* PROBLEM DESCRIPTION *
Below are records; the lines starting at the one with "China (cm) 160-165/84-86" and ending at the one with "6. Reload alamat" must be reproduced exactly, both included. Pictures must not appear.

INFORMATION SUPPLIED START

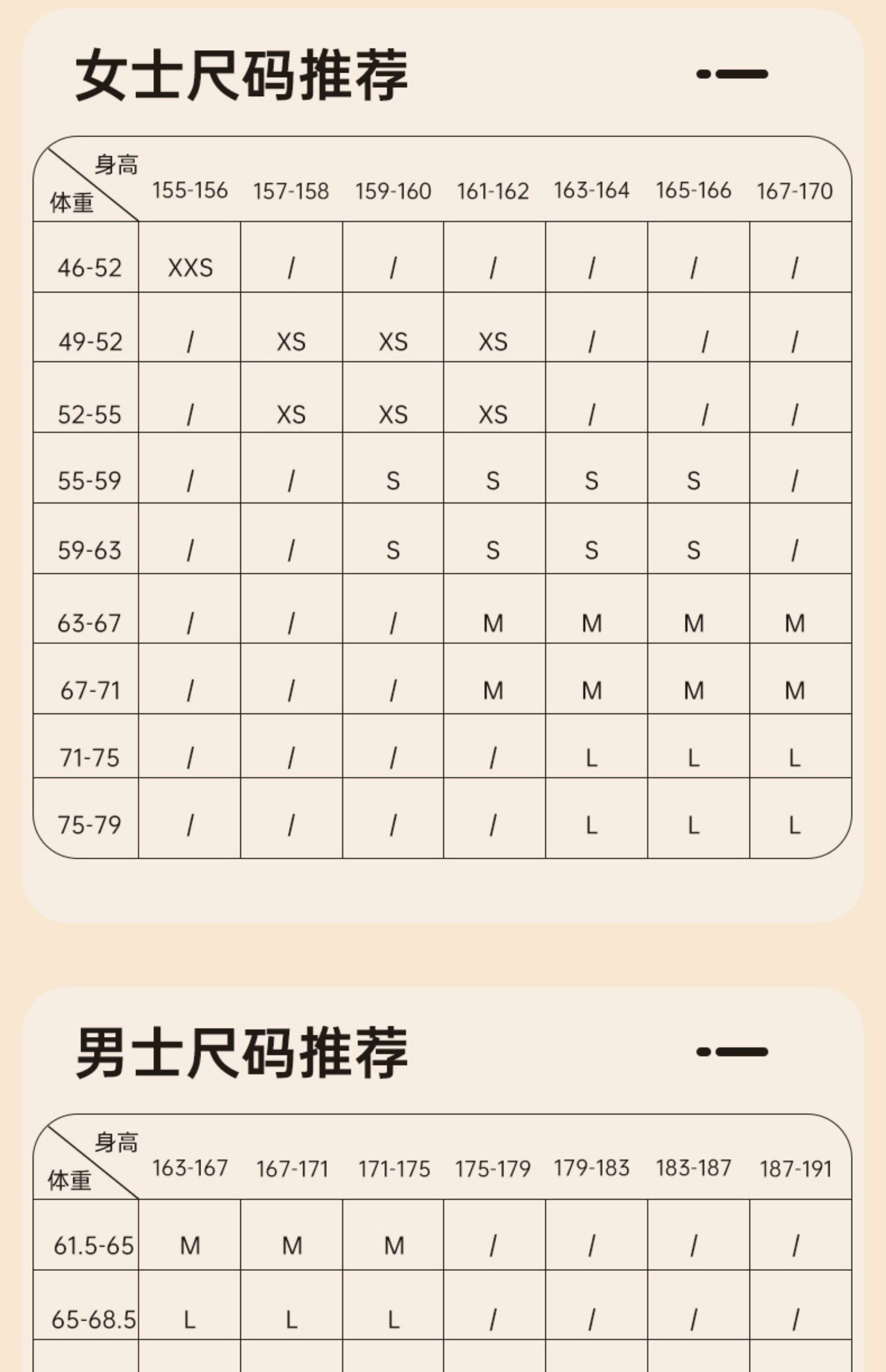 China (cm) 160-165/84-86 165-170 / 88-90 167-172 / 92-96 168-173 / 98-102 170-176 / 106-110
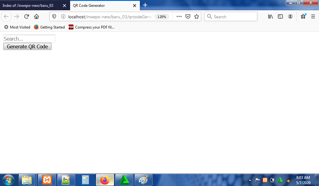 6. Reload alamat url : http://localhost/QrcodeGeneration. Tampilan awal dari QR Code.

INFORMATION SUPPLIED END
INFORMATION SUPPLIED START

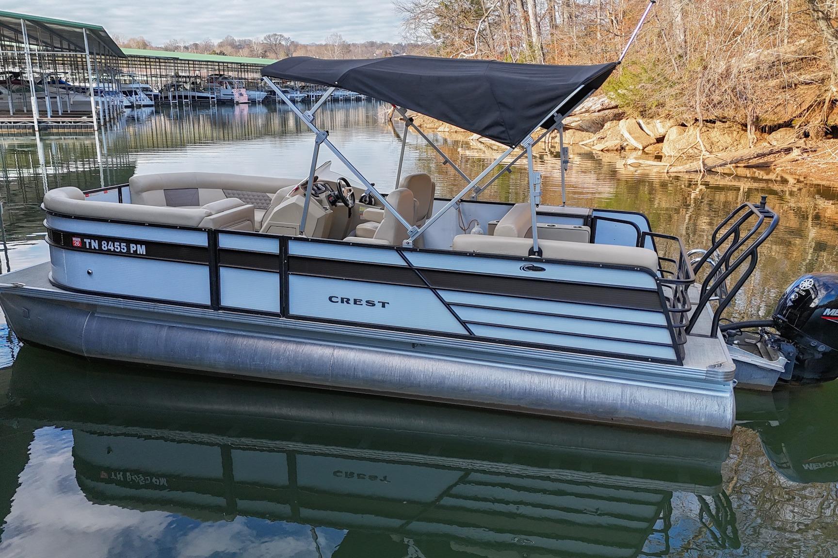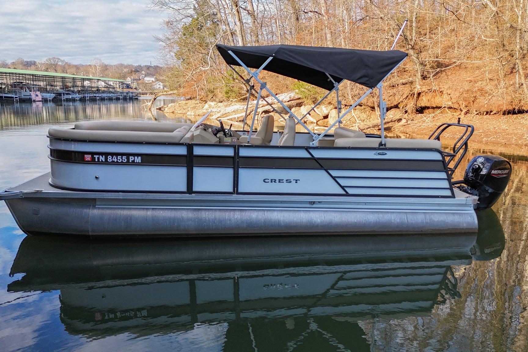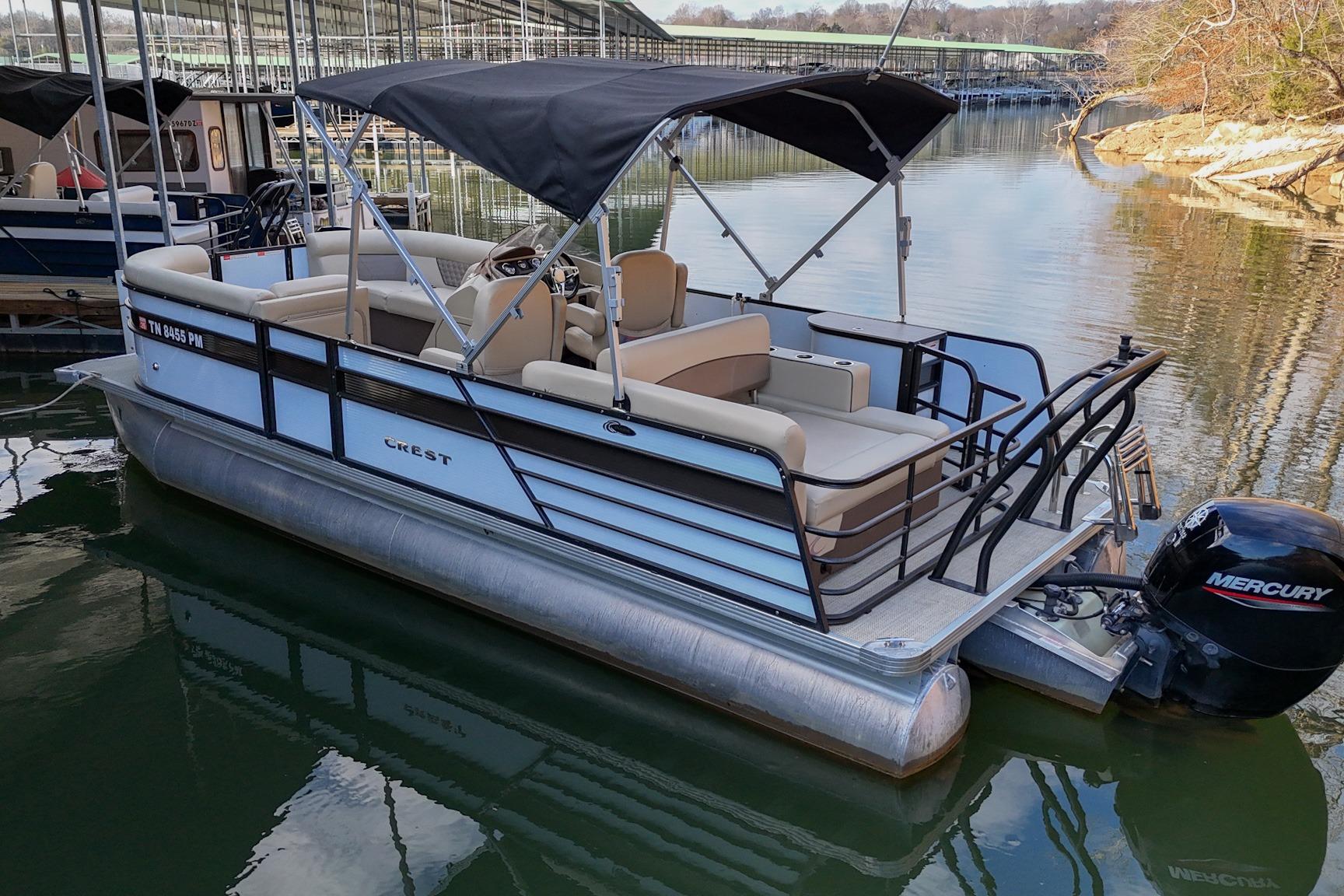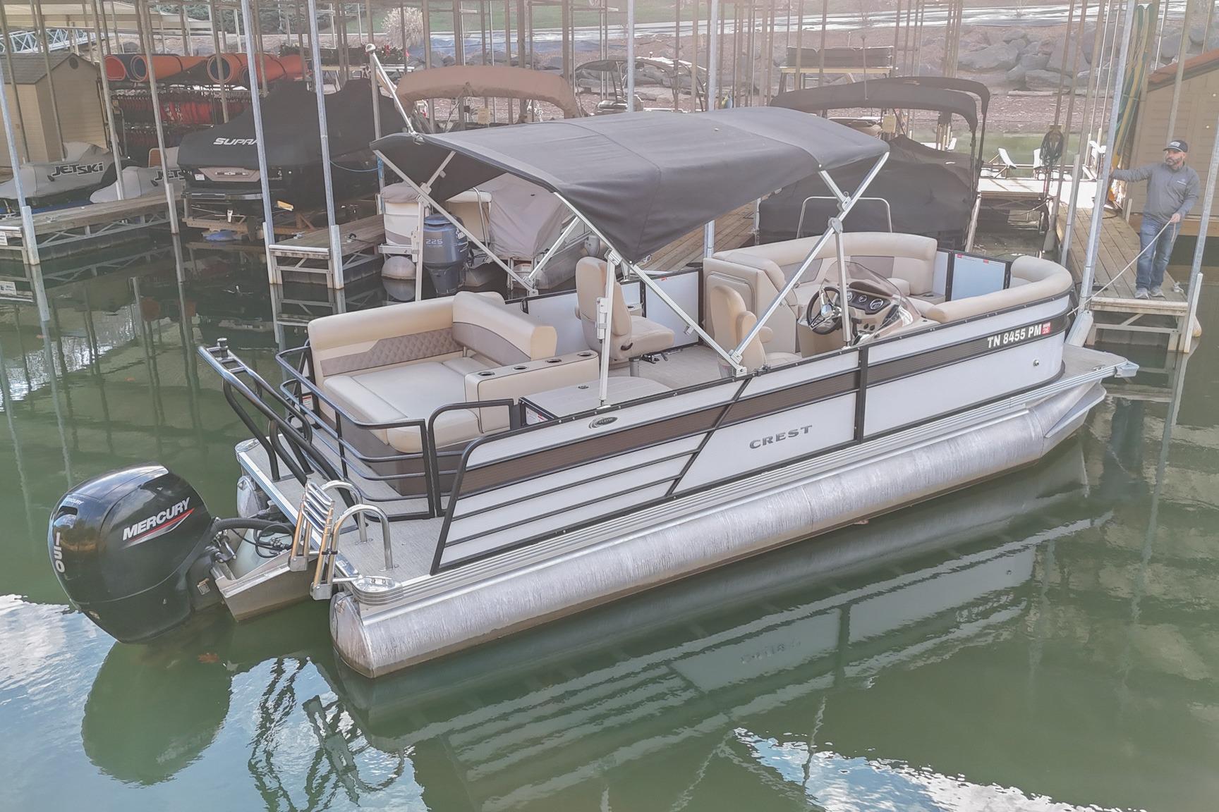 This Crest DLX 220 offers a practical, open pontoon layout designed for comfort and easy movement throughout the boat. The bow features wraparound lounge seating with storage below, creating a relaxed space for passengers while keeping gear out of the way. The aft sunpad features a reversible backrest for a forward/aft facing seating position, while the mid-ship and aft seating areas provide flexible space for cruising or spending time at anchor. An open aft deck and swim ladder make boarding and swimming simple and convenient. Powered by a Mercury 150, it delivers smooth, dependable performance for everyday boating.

INFORMATION SUPPLIED END

* ANSWER TO THE PROBLEM *
 China (cm) 160-165/84-86 165-170 / 88-90 167-172 / 92-96 168-173 / 98-102 170-176 / 106-110
 6. Reload alamat url : http://localhost/QrcodeGeneration. Tampilan awal dari QR Code.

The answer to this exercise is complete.